Ее отец тоже тяжело дышал, кашлянув в кулак.
– Как будто меня это волнует. Можешь впасть в истерику и кричать – это только докажет мою правоту. Если бы ты была другой женщиной, а не избалованной девчонкой, то проснулась бы утром и выполнила свой долг, хоть раз в жизни.
– Я готова убить тебя прямо сейчас же!
– Для этого потребуется достать и зарядить ружье. А ты не сможешь попросить выполнить это служанку, если не хочешь, чтобы тебя поймали.
– Не оценивай меня…
– Учитывая, как низко ты пала, это, конечно, будет трудно сделать.
Резко развернувшись, она стремглав выскочила из комнаты, бегом направляясь по коридору к своему люксу. Забежав, она заперла дверь, тяжело дыша.
«Ох, черт, нет, – поклялась она себе. – Тебе не удастся так поступить со мной».
Если он думал, что раньше были с ней проблемы, то он даже не мог предположить, что она собиралась сделать сейчас.

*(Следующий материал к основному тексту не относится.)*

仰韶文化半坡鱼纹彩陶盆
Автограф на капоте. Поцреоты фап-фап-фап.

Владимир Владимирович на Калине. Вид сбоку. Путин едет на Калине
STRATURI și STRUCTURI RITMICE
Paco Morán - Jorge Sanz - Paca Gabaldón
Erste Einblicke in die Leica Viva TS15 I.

Она направилась мимо ванной комнаты к спальне, множество мыслей крутилось в голове, многие из которых относились к совершению тяжкого преступления по отношению к ее отцу. В конце концов, сняв свое платье, которое просто упало на пол, и она даже не обратила на него внимание, ступая по растекшемуся шелку на ковре, продолжая расхаживать в бюстье и шпильках, бриллиантах, которые жена-шлюха ее брата пыталась сегодня заполучить.
Она кипела от злости и вспоминала тот первый раз, когда возненавидела своего отца...
Ей была шесть или семь лет, когда это произошло. В канун Нового Года. Она проснулась из-за фейерверка, грохота и огней видных издалека. Испугавшись, отправилась на поиски Лейна, который всегда мог ее утешить... но в итоге нашла его в внизу в гостиной с Максом.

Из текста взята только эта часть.